Octogenarian receives diploma 63 years late

Olin Business School grad travels from Philadelphia to St. Louis for ceremony

The bespectacled octogenarian with a cane, wearing a flowing green gown and mortarboard might have been mistaken for a professor emeritus at the Olin Business School graduation ceremony at Washington University in St. Louis May 21.

Jon Furst

James Martin Wybar, 84, after the ceremony. He received a standing ovation as he walked across the stage to receive his diploma with the BSBA class of 2010.

But when James Martin Wybar, 84, walked across the stage to receive his diploma, the Class of 2010 jumped to its feet and cheered the gentleman from the Class of 1947 who finally had returned to campus to receive his degree.

“I never did this before in my life,” Wybar says of the graduation ceremony, between posing for photos with his twenty-something classmates. Wybar earned a GED for high school and has attended many graduations as a father and grandfather, but never his own.

Wybar entered Washington University in 1945 with help from the G.I. Bill after serving in the U.S. Air Force during World War II. Two years later — just two credits shy of graduating — Wybar returned to his hometown, Philadelphia, to be near his widowed mother.

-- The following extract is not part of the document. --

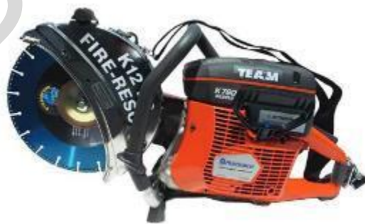
Figura 5.40. Sega K-12.

Divaricatore : le Mascelle della Vita, conosciute anche come strumenti di salvataggio idraulici o divaricatori, sono potenti strumenti idraulici utilizzati per districare le vittime dai veicoli coinvolti in incidenti, soprattutto quando sono intrappolate a causa di danni strutturali. Sono costituiti da una pompa idraulica, tubi flessibili e accessori specializzati come divaricatori (per separare i componenti del veicolo), taglierine (per tagliare il metallo) e cilindri (per sollevare o spingere oggetti). Le Fauci della Vita possono tagliare il metallo, aprire le portiere dei veicoli e fornire la forza necessaria per liberare le persone intrappolate.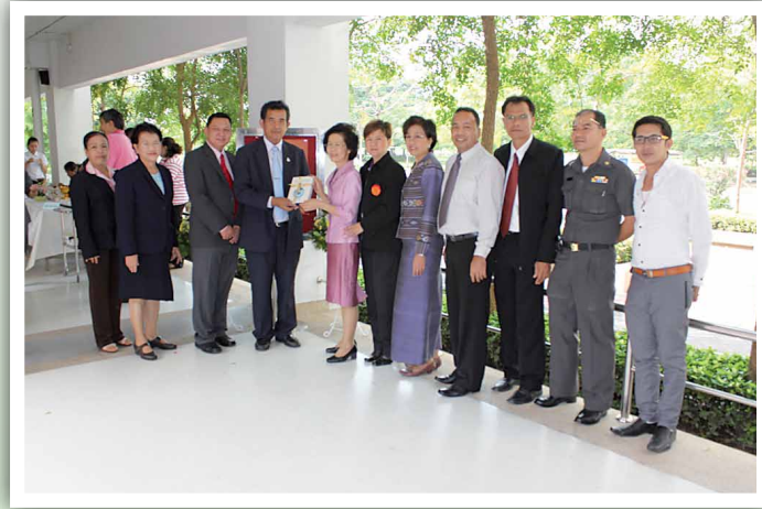
คณะพยาบาลศาสตร์ ครอบรอบ 15 ปี เมื่อวันที่ 28 มิถุนายน 2554

สอมธ. โดยคณะกรรมการ ได้เข้าร่วมแสดงความยินดีในโอกาสที่หน่วยงานต่างๆ ของมหาวิทยาลัย ครอบรอบการก่อตั้ง

He took courses to finish his degree at Villanova University, but didn’t get a chance to collect his WUSTL diploma. He has been busy these past 63 years with a career in the property casualty insurance business, a 57-year marriage, three daughters and six grandchildren, to name a few of the distractions.

Wybar’s son-in-law, John Niemkiewicz, like other members of the family, had heard the tale of the missing diploma for many years and decided it was time to do something about it. Niemkiewicz secretly contacted WUSTL and made arrangements for Wybar to participate in this year’s ceremony.

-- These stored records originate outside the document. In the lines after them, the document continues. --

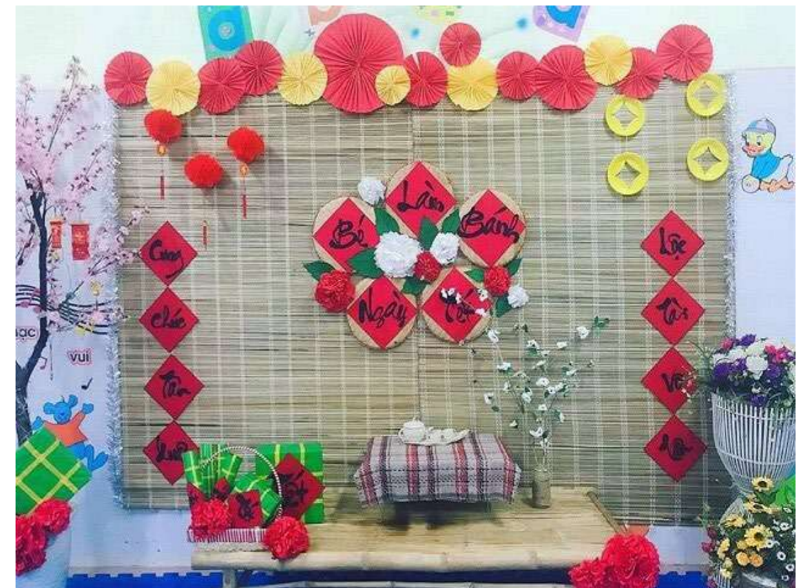
Trang trí cửa lớp mầm non ngày Tết hấp dẫn, ấn tượng cũng là một điểm nhấn để thu hút các bé.

Bên cạnh đó nhiều trường mầm non cũng lựa chọn trang trí Tết bằng tiểu cảnh phiên chợ quê ngày Tết. Trang trí tiểu cảnh phiên chợ quê ngày Tết sẽ khiến các bé vô cùng thích thú khi được hóa thân, và trải nghiệm thực tế, trở thành những người buôn bán phiên bản nhí vô cùng dễ thương ở chợ quê, hay những ông đồ già cho chữ với tạo hình ngộ nghĩnh.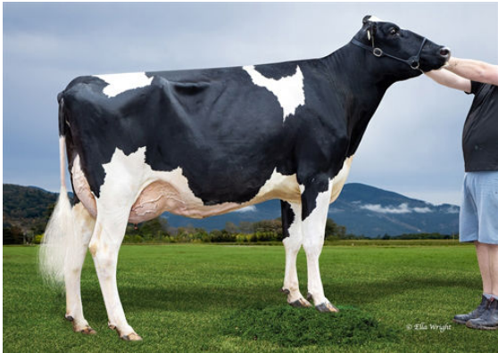
PEAK GUARANTEE NOBLE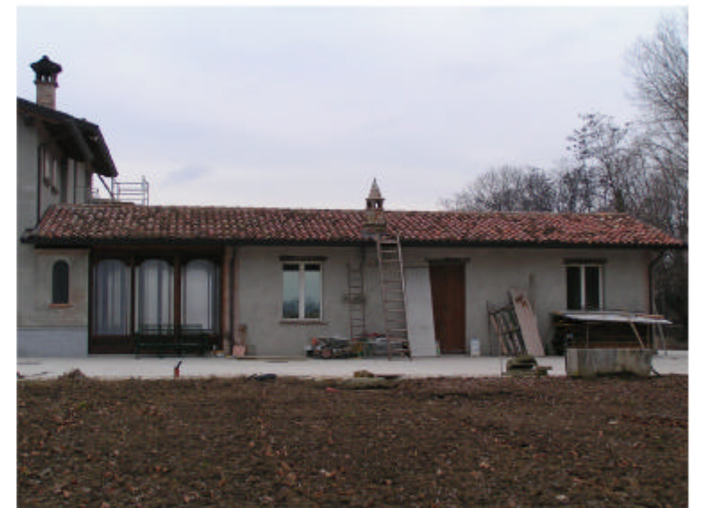
4. Edificio 1b. Fronte nord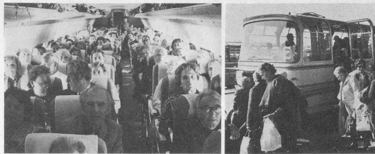
Les moyens de transport les plus modernes à la disposition des retraités: jet et car.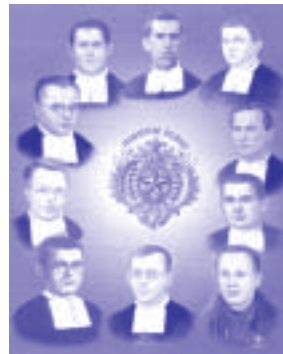
các thánh tử đạo thành Asturias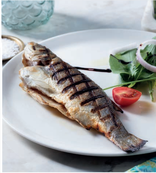
Izgara Levrek 1.500 ₺

Kömür ızgarada pişirilmiş mevsim yeşillikleri ile ızgara balık. (1000 gr. deniz levreği kullanılmıştır.)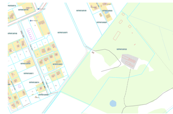
Objekta Izvietojuma shēma

When Wybar opened a present last Christmas to find an empty frame for a college diploma, he said, “What in the dickens is this?”

His son-in-law and daughters revealed the surprise of a trip to St. Louis to receive his degree and participate in Commencement with the Class of 2010.

Daughters Linda Hahn and Renie Niemkiewicz accompanied their father on the trip to his alma mater. They smiled as they watched their dad enjoy all the pomp, circumstance and special attention paid to the oldest graduate in Olin’s history.